The Lie That Brought Light - Act I

Gloamhaven was a place the sun forgot.

It sat in the low veins of the New Jersey Heartlands, where fog clung like regret and soot blackened teeth before smiles could form. The town was built on a mine and buried by it—collapsed ambitions piled atop the bones of workers who thought they could outrun the dark.

Theophilus Grane had only ever loved two things: his son Ellory, and the church he preached in. One collapsed. The other held the collapse.

Ellory was twelve when the explosion happened. They said it was a fault in the shaft supports. A tremor. A spark near the dynamite. All anyone could recover was one of Ellory’s gloves. Still warm. Still soft.

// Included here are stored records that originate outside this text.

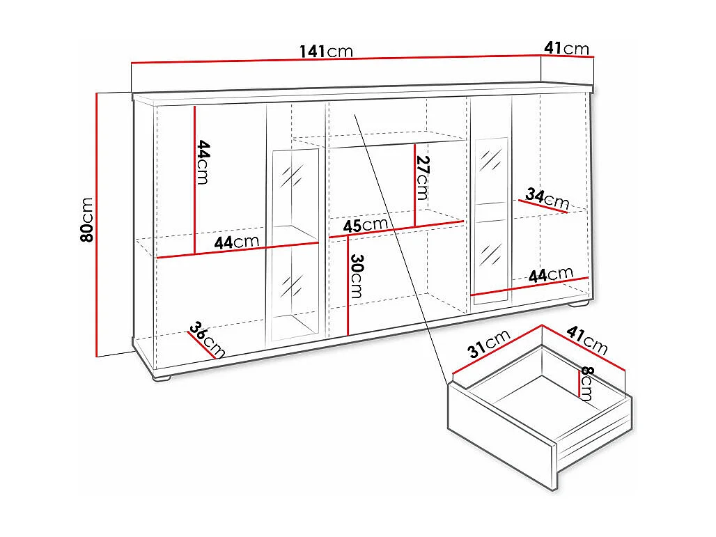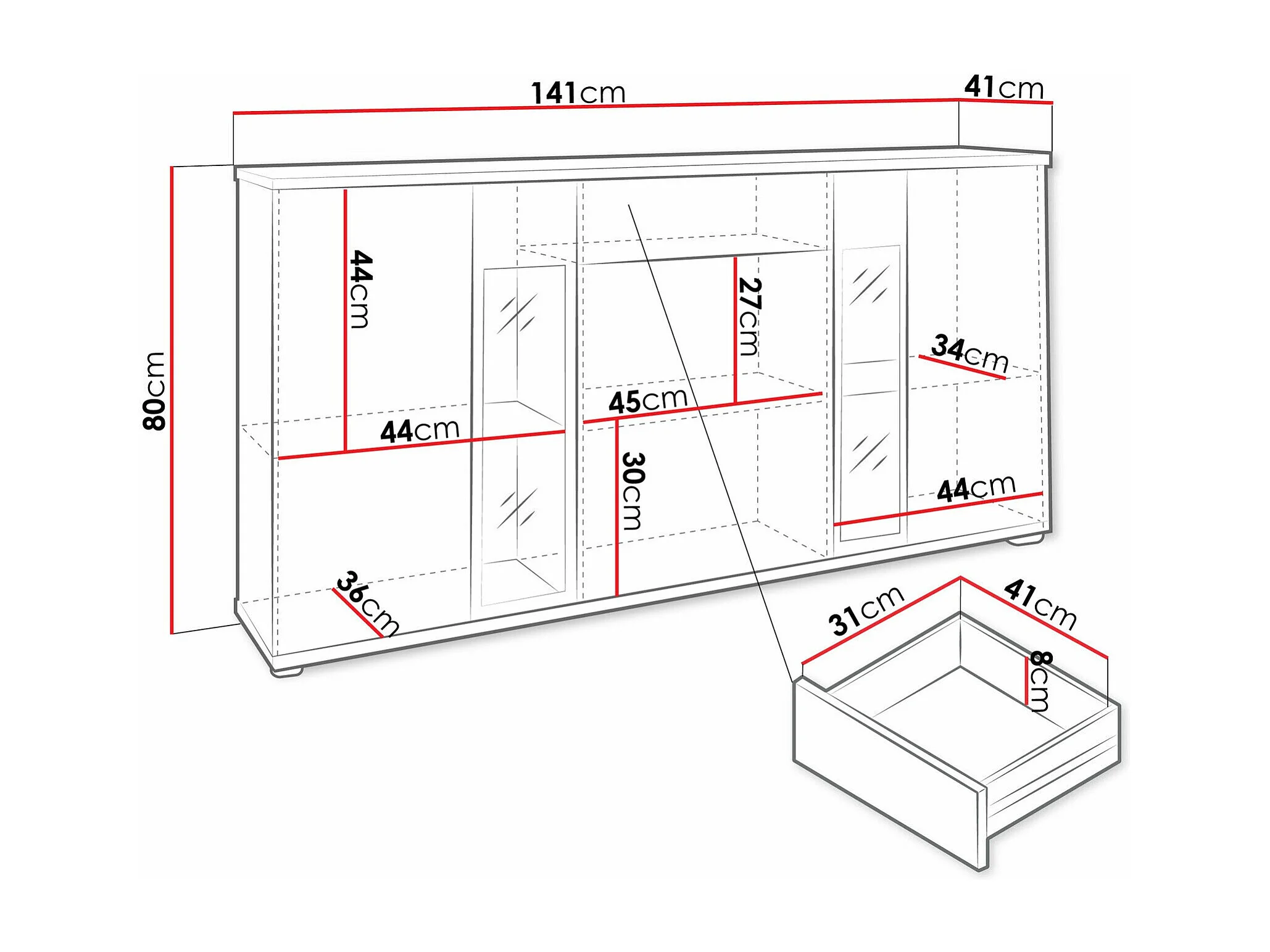 Commode Tucson 114, Chêne de Lefkas, Avec tiroirs et portes, Nombre de tiroirs: 1, 80cm
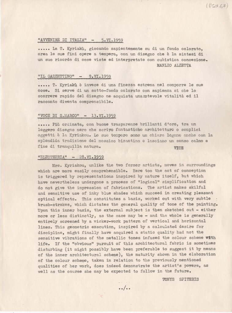 Κείμενο, δακτυλόγραφο, στα αγγλικά, χαρτί, 28,8×21,3 εκ. Αποδελτιώσεις κριτικών για το έργο της Τέρψης Κυριακού από τον ελληνικό τύπο. Περιλαμβάνονται αποσπάσματα κριτικών της Ε. Βακαλό, του Τ. Σπητέρη, M. Alzetta, Α. Δόξα, Μ. Καλλιγά, Σπ. Παναγιωτόπουλος, Α. Προκοπίου, T. Brajovic, Dr. Djordjevic, Ε. Φερεντίνου, Μ. Ανδρόνικου και Στ. Σπύρογλου.
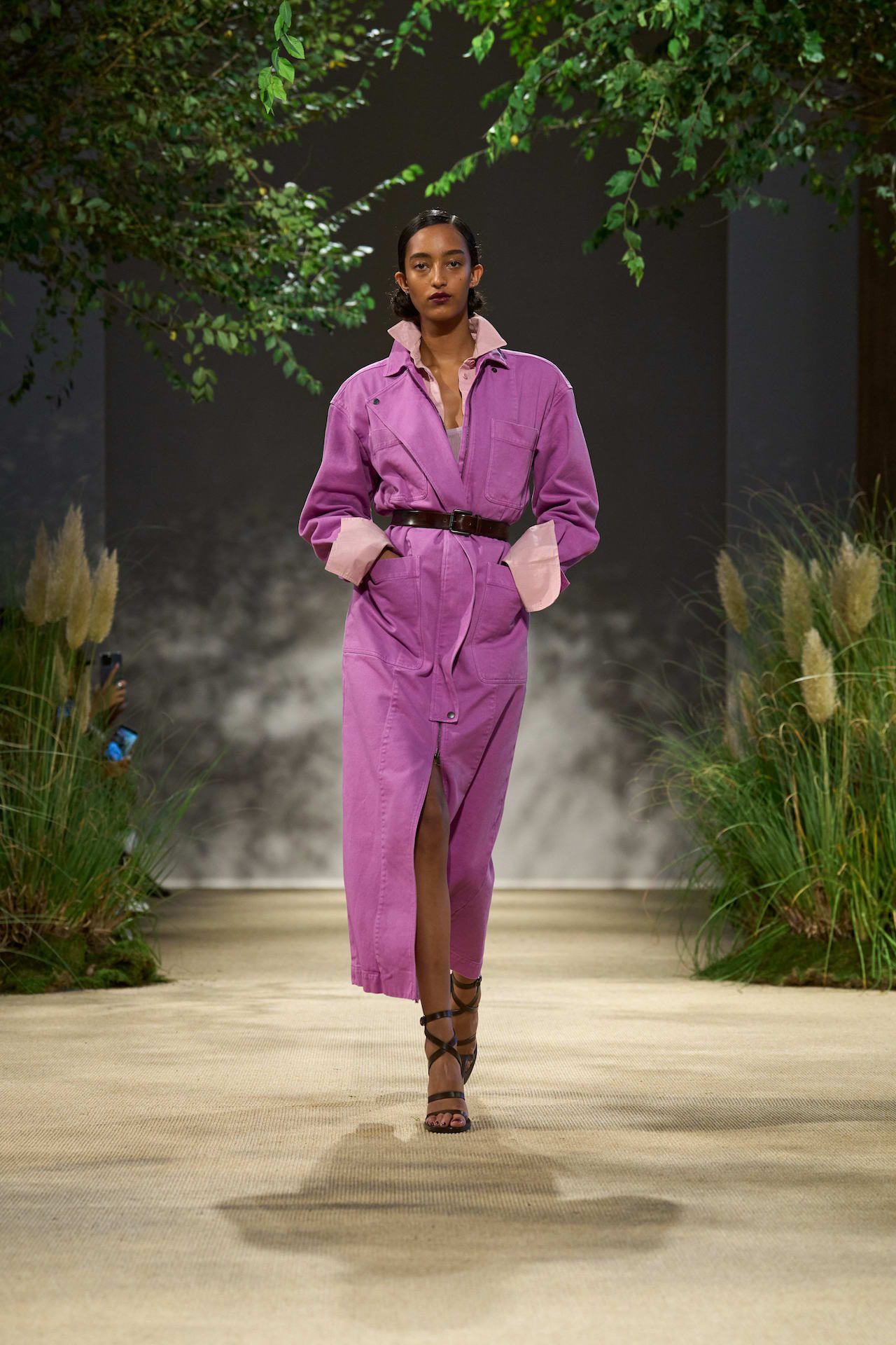 真夏のコテージの庭に咲き乱れるスイートピーの花のように、ファーストルックから続くのは、気分も華やぐ色鮮やかなルックたち。ワークウェアにも用いられる耐久性抜群のドリル素材も、豊かなカラーパレットに染め上げられた。
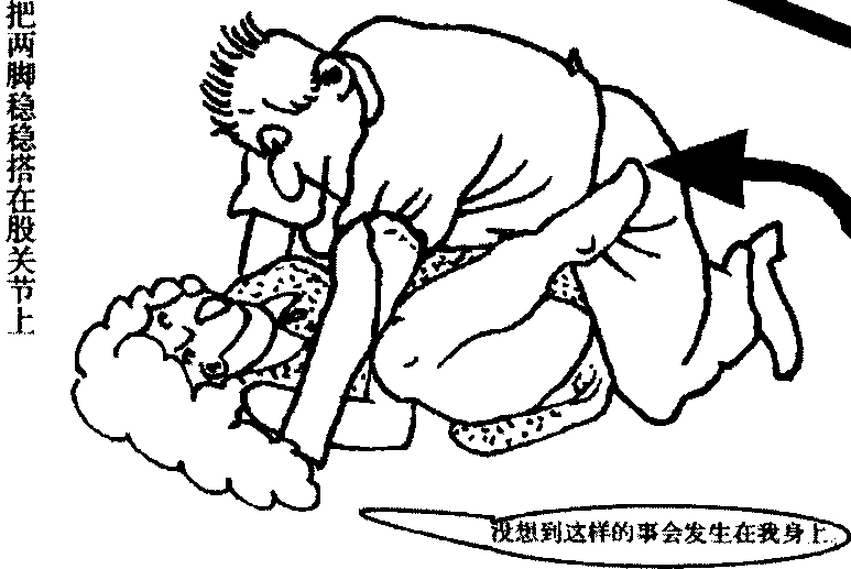 如果男性要强行侵犯女性,他一定会将自己的身体推进女性的两脚之间那是他攻击的目标而其手会置于女性胸口或脖子一带。此时你只要轻轻压住色狼的手腕将脚底稳稳男性的股关节上然后使劲伸直两脚。因为色狼的手腕被压住男性会像被汽车辗扁的青蛙般长长地伏在地上。因为情势危急所以女性可毫不容情地反击不过一定要把脚底搁于对方的股关节上。因为若是搁于大腿一带脚会滑落。
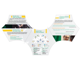 El documento describe un nuevo modelo de trabajo llamado "Account Team" para la gestión integral de clientes. El Account Team integra expertos de diferentes departamentos como ventas, facturación, compras y asistencia al cliente/conductor en equipos unificados para ofrecer un servicio más personalizado y rápido. El objetivo es mejorar la satisfacción del cliente a través de una comunicación más fluida y respuestas más eficientes.
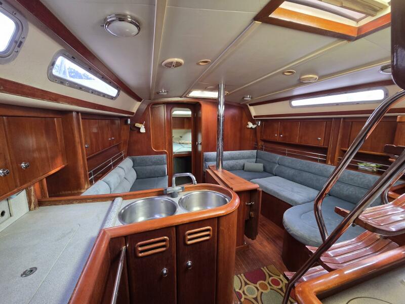 Her desirable center cockpit layout, spacious aft cabin, and sugar scoop stern make her an excellent choice for long-distance cruising.
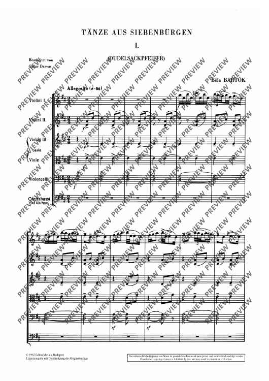 Digital Sheet Music for Dances from Transylvania - Score by Bela Bartok, Gábor Darvas scored for String Orchestra; id:499832
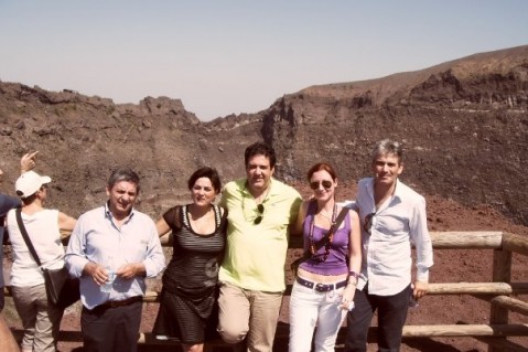 Siamo sul cratere nato dall'eruzione del 1944: 300 metri di profondità, 600 di diametro. Da sinistra: Michele Romano, Emanuela Russo (Cantine Astroni), Luciano Pignataro, Francesca Di Criscio (presidente della Strada del Vino dei Campi Flegrei, Cantina Quartum) e Pasquale Brillante, delegato Ais Comuni Vesuviani

Theophilus took it in both hands and whispered, “You’re not gone.”

And something heard him.

He stopped preaching. Stopped eating. Stopped sleeping. The townspeople said he was grieving. They let him be. For a while. Until the bones arrived.

First from old cemeteries. Then fresher. Theophilus always had a key to the mortuary. The sheriff didn’t question him—until his own brother’s grave was disturbed.
By then, it was too late.

The attic above the chapel was thick with dust, and thicker with purpose. Theophilus spoke prayers to a pulpit of no one, surrounded by diagrams older than scripture and more exacting than any Gospel. They came from a book his grandfather had hidden beneath a false floorboard. It spoke of The Lantern of Bones. Diagrams were captioned with smudged and faded latin that read: "lux iacet intus," meaning the light that lies within.  

Its vessel made from ribs, vertebrae, and faith—lit by flame that burned with truth.

In his grief, Theophilus assumed, correctly, the bone lantern was a container. He assumed, incorrectly, it would house the soul--the light within-- of whoever's bones were used to construct it. He assumed building it with Ellory's bones would keep Ellory with him.

And so, Theophilus constructed The Bone Lantern in silence. Ellory’s bones were scrubbed, carved, aligned with trembling hands. "I will bring you back, my son," he whispered, solemn. Theophilus broke Ellory's small ribcage and used it to frame the lantern's glass. Ellory's spinal fragments circled the base. Theophilus made the lantern's handle from Ellory’s polished femur.

He placed it on the altar. Prayed.

And the flame appeared.

It glowed a soft, pale blue—just faint enough to mistake for moonlight.

He gasped. “Ellory?”

No reply. Only a single flicker.

“You’re safe now,” Theophilus whispered.

The flame flared. Flickered.

“Theophilus' heart sank. 'Ellory, my son, you've come back to me,’ he insisted, his quivering voice cracking with forlorn hope.”

The light dimmed, then pulsed—once, twice—like a heart. Like breath held beneath truth.

And when Theophilus said nothing—just stood beside it, beneath memory and grief—the flame came alive.
Soft. Warm. Listening.

As though something else had arrived.
Something not his son.
Something summoned.
Something that agreed with the lie… and fed.

By week’s end, the townsfolk said Theophilus was walking with a glow under his coat. A priest with a secret fire. They avoided him. But not before he tested it.

One lie? A flicker.

Two? A flare.

But when Theophilus said nothing at all—when he simply stood near someone denying their guilt—the flame came alive.

Gloamhaven had many secrets. But it had never seen them burn.